From what I’ve been given to understand, whenever enough mass to form a star comes together (whether it be normal accretion in an interstellar cloud or the merger of two or more substellar masses), what results is a body that begins heating up, starts hydrogen fusion, and becomes a red star. Because “its stellar engine is just revving up,” it is subject to regular pulsations accompanied by flares. But, unlike Solar flares which increment the Sun’s luminosity by a fraction of a precent while active, these can be 10-50% increases in the baby star’s luminosity – not a healthy way to run a life-bearing solar system! These almost-new flare stars are called T Tauri stars after the prototype in Taurus.

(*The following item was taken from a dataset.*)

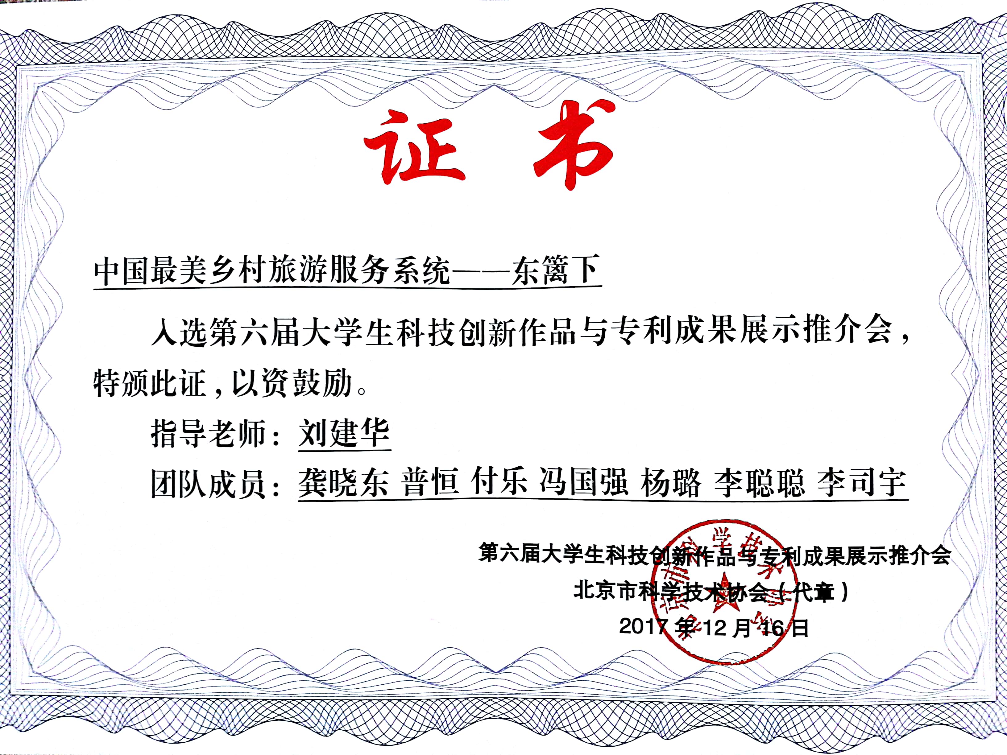 第六届大学生科技创新作品与专利成果展示推介会近日在中国农业大学举办,展期2天,百合漫画 学生龚晓东、普恒、付乐、冯国强、杨璐、李聪聪、李司宇的公益作品《中国最美乡村旅游服务系统-东篱下》(指导老师:刘建华);杜程、张蕾、路畅、余彤撰著的学术作品《基于BDS的公交车载精准雾霾监测系统研究》(指导老师:丁克良、周命端)以及刘亚杰、鲍东东、罗麒杰、王彤、刘明亮、于龙昊、王来阳撰著的学术作品《高精度智能化测量数据采集与分析系统BJMOS》(指导老师:丁克良)成功入选。

On the main sequence, the brightest stars – O’s, B’s, and A’s – are very luminous, with too much ultraviolet, and extremely short-lived in the bargain. The lower half of the next range, F, the G range, and the upper few divisions of the orange K range, are suitable for supporting planets with terrestrial ecospheres. The remainder of K, along with the very common low-mass red M stars, are very long-lived but produce very limited light and heat, meaning a close-in ecosphere where any planet is probably tidally locked and hence unlikely to have life. (The sun is a G0 star, at the top of the G range.)

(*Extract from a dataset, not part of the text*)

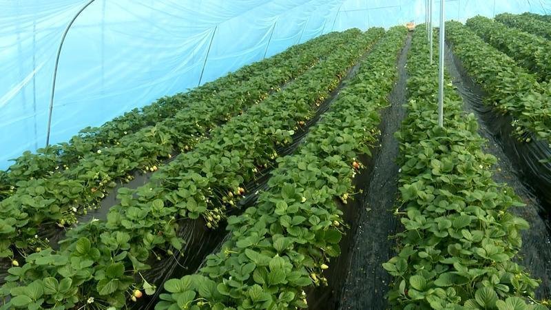 据了解,该产业园于今年2月开工建设,占地面积约50亩,共有34个大棚,7月开始种植草莓。因为是低温棚,采用蜜蜂自然授粉,种出的草莓个头大、果肉饱满、口感好,深受客商喜爱。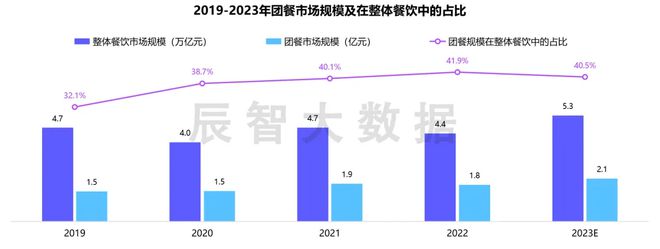 日前,辰智大数据发布了《2024中国团餐产业趋势解读》显示,近5年团餐市场规模及在整体餐饮中的占比呈现稳健发展态势,市场规模由2019年的1.5万亿增至2023年的2.1万亿,占比也由32.1%增至40.5%,团餐已成为餐饮市场的中坚力量。

Suppose instead of creating a new star, we revive an old dying star…we start pumping in some hydrogen from a gas giant.

If our sun was on its last thousand years before supernova and we could siphon off hydrogen from Jupiter, Saturn, Uranus, and Neptune, how many more millenia/eons would that buy us?

Furthermore, lets suppose we have the ability to draw off the post-fusion byproducts (carbon, iron) that’ll eventually choke the sun…would that help?

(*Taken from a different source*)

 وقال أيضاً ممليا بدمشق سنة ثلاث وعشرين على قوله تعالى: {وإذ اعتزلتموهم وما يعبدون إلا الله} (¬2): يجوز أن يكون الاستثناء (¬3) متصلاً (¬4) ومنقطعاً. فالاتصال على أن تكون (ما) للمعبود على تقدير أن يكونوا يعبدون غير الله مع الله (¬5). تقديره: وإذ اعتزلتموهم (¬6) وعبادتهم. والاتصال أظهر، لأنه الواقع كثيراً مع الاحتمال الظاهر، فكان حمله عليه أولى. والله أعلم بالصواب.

Red dwarfs aren’t actually a problem. You just put a Jupiter close to the star, and then make your “planet” a moon of that gas giant. Lock to the planet, and you’ll still rotate relative to the star. The spectrum would be off, but that’s hardly insurmountable.

And Enola, given that the Sun is, as mentioned above, a thousand times more massive than Jupiter, I can’t see that it would make any difference to dump Jupiter in.

Well, I don’t think the last thousand years is the time to start talking about this. I think 500 million years is maybe time to get a plan started.

Pumping more hydrogen into the sun would help after we left the planet - the first problem is going to be that the earth gets way too hot as the sun increases in size (I don’t think the sun will actually engulf the earth - when sombody claimed that they forgot to take into account that the sun is constantly giving off mass, and will be much less massive at the time it grows).

For a while, we can live with a swelling sun by slowly increasing orbit (which is accomplished by buzzing the planet with an asteroid in a carefully planned orbit that gives us a slight tug with each pass).

I still think my idea might be a good one if it turns out that interstellar travel isn’t impossible, but just really, really sucky.

So we have the technology to go out to a new star, but would rather build one a few light months away.